Upon activation of this EIP, the following gas costs will be updated.
| Operation | Parameter | Current Gas | New Gas (Rounded) | Change |
|---|---|---|---|---|
| ADDMOD | constant | 8 | 8 | 0.0 |
| DIV | constant | 5 | 15 | 2.0 |
| KECCAK256 | constant | 30 | 45 | 0.5 |
| KECCAK256 | msg_size | 6 | 6 | 0.0 |
| MOD | constant | 5 | 12 | 1.4 |
| MULMOD | constant | 8 | 11 | 0.38 |
| SDIV | constant | 5 | 20 | 3.0 |
| SMOD | constant | 5 | 5 | 0 |
| Operation | Parameter | Current Gas | New Gas (Rounded) | Change |
|---|---|---|---|---|
| BLAKE2F | constant | 0 | 170 | NA |
| BLAKE2F | num_rounds | 1 | 2 | 1.0 |
| BLS12_G1ADD | constant | 375 | 643 | 0.71 |
| BLS12_G2ADD | constant | 600 | 765 | 0.27 |
| ECADD | constant | 150 | 314 | 1.09 |
| ECPAIRING | constant | 45000 | 45000 | 0.0 |
| ECPAIRING | num_pairs | 34000 | 34103 | 0.0 |
| ECRECOVER | constant | 3000 | 3000 | 0 |
| POINT_EVALUATION | constant | 50000 | 89363 | 0.79 |
The operations selected for repricing in this EIP were chosen based on their estimated million gas per second (Mgas/s) performance. For this EIP, a performance target of 60 million gas per second is chosen. With this performance target, we will be able to increase the base throughput of the chain by 3x from our current 20Mgas/s performance.
An important consideration for repricing is whether poor performance is isolated to a single client or affects multiple implementations. This is important for distinguishing between:
To separate these cases, we analyze the performance of each operation the 5 main clients (besu, erigon, geth, nethermind and reth). If the difference in performance between the worst and the second-worst client is higher than 20%, we consider the operation to be a candidate for optimization rather than repricing. All the remaining operations are candidates for repricing.

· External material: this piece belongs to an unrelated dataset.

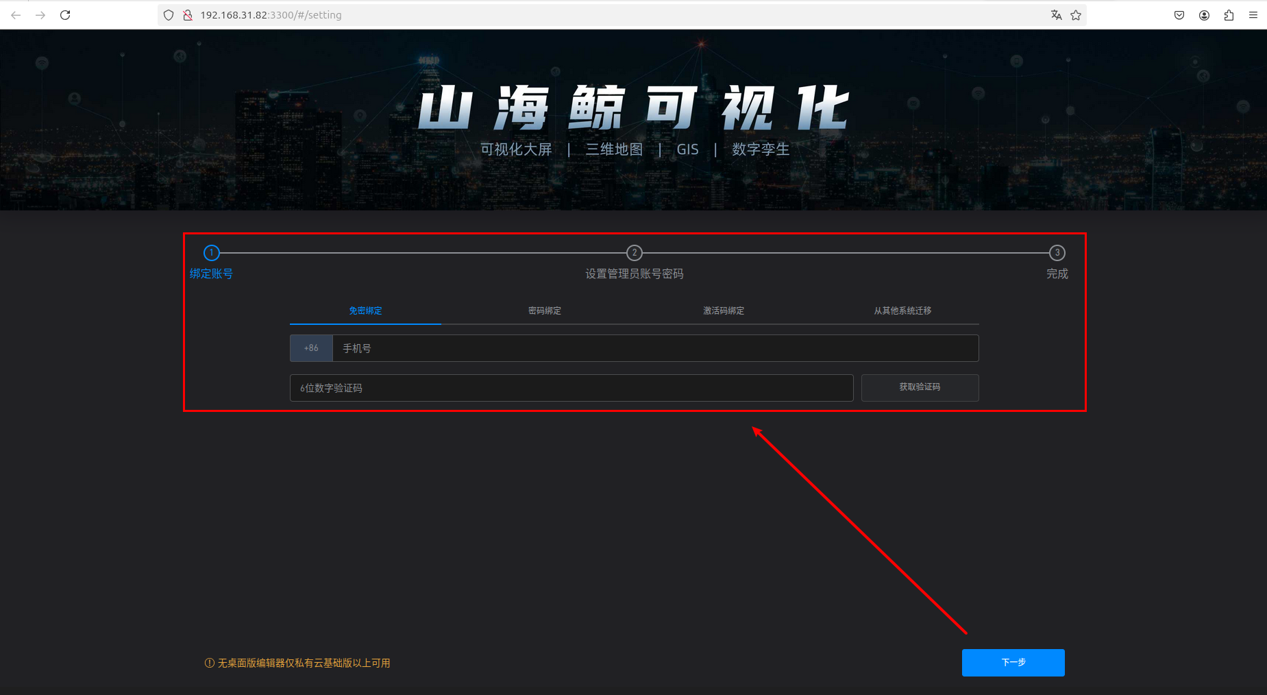 3)在浏览器上输入山海鲸可视化访问链接并点击回车后,可以看到山海鲸可视化的登录界面,我们可以根据需求选择相应的登陆方式,(点击查看教程:网络公开版-账号登录、局域网版-License 激活/迁移)如下图所示:

The report with the full details of this step can be accessed here.
The gas costs proposed in this EIP are based on the actual time each operation takes to run on the various execution clients. Similar to the methodology used in the Gas Cost Estimator project, synthetic blocks that isolate and stress individual EVM operations are generated. To benchmark a single operation, different blocks are created by varying the number of single operations executed and by changing the parameter values to the operation. The EEST benchmark suite contains the tests used to generate these blocks.
Then, the Nethermind's Performance Benchmarking tool is used to collect the needed metrics. This tool returns the total execution time of the block and the number of times each operation was executed. Each test block is run multiple times on each client to account for variability in execution time.
What about dynamic costs?
Some operations have a dynamic component to their costs. For example, the EXP opcode has a gas cost that grows linearly with the exponent's byte size. In these cases, the test benchmarks the operation with a range of inputs to assess how the resource costs vary with different inputs.

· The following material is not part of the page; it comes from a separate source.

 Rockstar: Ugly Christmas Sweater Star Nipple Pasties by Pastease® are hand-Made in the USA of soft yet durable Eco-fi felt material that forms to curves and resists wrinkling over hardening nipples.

What about differences between client implementations?
Ultimately, we require a single cost model that is independent of the client's implementation. Although the decision may be different in a specific situation, the general rule is to take the worst client result that cannot be optimized. This means that the worst-performing client on a given operation and resource combination will define the cost of that operation for the entire network. This is the safer and most conservative choice.
To estimate the runtime of a single operation from the total execution time of the corresponding synthetic blocks, a Non-Negative Least Squares (NNLS) Linear Regression is used. This model enforces that all coefficients are non-negative, thus ensuring execution time cannot be negative. The model estimates runtime as a linear combination of:
For simple operations (i.e., without additional parameters), the model estimates: runtime = intercept + slope × operation_count
For variable operations, the model estimates: runtime = intercept + slope × operation_count + param1_coef × operation_count × param1 + param2_coef × operation_count × param2 + ...

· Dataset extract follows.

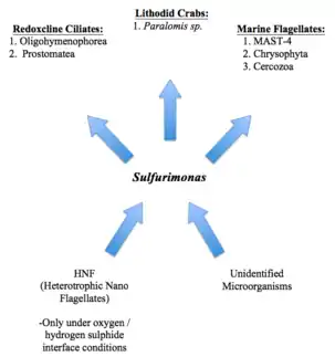 Sulfurimonas (subgroup GD17) dominates chemotrophic denitrification in the Baltic Sea pelagic redoxclines.[14][13][6] Using methods such as predator assays and bacterial amendment cultures, it was found that the population of Sulfurimonas (subgroup GD17) had a doubling time of 1 to 1.5 days, which is much more than their average doubling time under the optimal conditions shown in Table 1.[22] However, grazing can consume the population over the course of one day.[22] Five active grazers that are typically found in redoxclines ciliates (Oligohymenophorea, Prostomatea), and marine flagellate groups (MAST-4, Chrysophyta, Cercozoa), were found through the use of RNA-SIP.[22] In cold-seep ecosystem, Lithodid crabs (Paralomis sp.), which are filter eaters, feed on thiotropic bacterial mats, which consist of many different types of bacteria.[22]

Independent models are created for each client and operation. Only operations and parameters with good model fits (R² > 0.5 and p-value < 0.05) are included in the gas cost proposal to ensure the reliability of the estimates.
The report with the model performance by operation and client can be accessed here, while the key model outputs can be found here.
New gas costs are calculated using the same target performance of 60Mgas/s. The formula used is:
new_gas = (anchor_rate * runtime_ms) / 1000
Where runtime_ms is the estimated runtime in milliseconds from the regression models.
The report with the full details of this step can be accessed here.
Several initiatives have explored the real gas costs of EVM operations, providing valuable context for this EIP. Notable examples include:
rescale factor, its costs align with this proposal, requiring no further changes. This consistency validates our measuring approach.These projects collectively affirm the need to reassess gas costs and demonstrate broad alignment with our approach.
This EIP intentionally focuses on computational complexity—measured as execution time on a bare CPU — while excluding network-related costs like state persistency. This ensures the proposed gas cost adjustments remain implementation-agnostic, applicable across diverse EVM clients regardless of their technological stack. By leveraging empirical data from multiple EVM implementations, we establish a universal, verifiable benchmark for computational effort. This focus simplifies estimation and enhances the proposal’s clarity and applicability within Ethereum’s varied ecosystem.
Raising costs for underpriced operations strengthens security by deterring abuse but may increase transaction fees and reduce throughput.
This EIP adopts a conservative strategy, prioritizing increases for operations that empirical data show as underpriced. This allows us to increase the base throughput of the chain without changing the costs of the majority of the other operations.
POINT_EVALUATION and Blob Fee Floor PriceThe proposed increase to POINT_EVALUATION gas cost (from 50,000 to 89,363) has implications for the blob fee floor price mechanism established in EIP-7918. Under EIP-7918, the blob base fee is bounded by execution costs through a reserve price of BLOB_BASE_COST * base_fee_per_gas, ensuring that blob consumers pay at least a relevant fraction of the market rate for the computational resources they impose on nodes. The computational resources imposed by blobs are the KZG proof commitments for blob transactions and, as such, the BLOB_BASE_COST was originally defined based on the cost of the POINT_EVALUATION precompile. However, for simplicity reasons, we decide not to change the BLOB_BASE_COST.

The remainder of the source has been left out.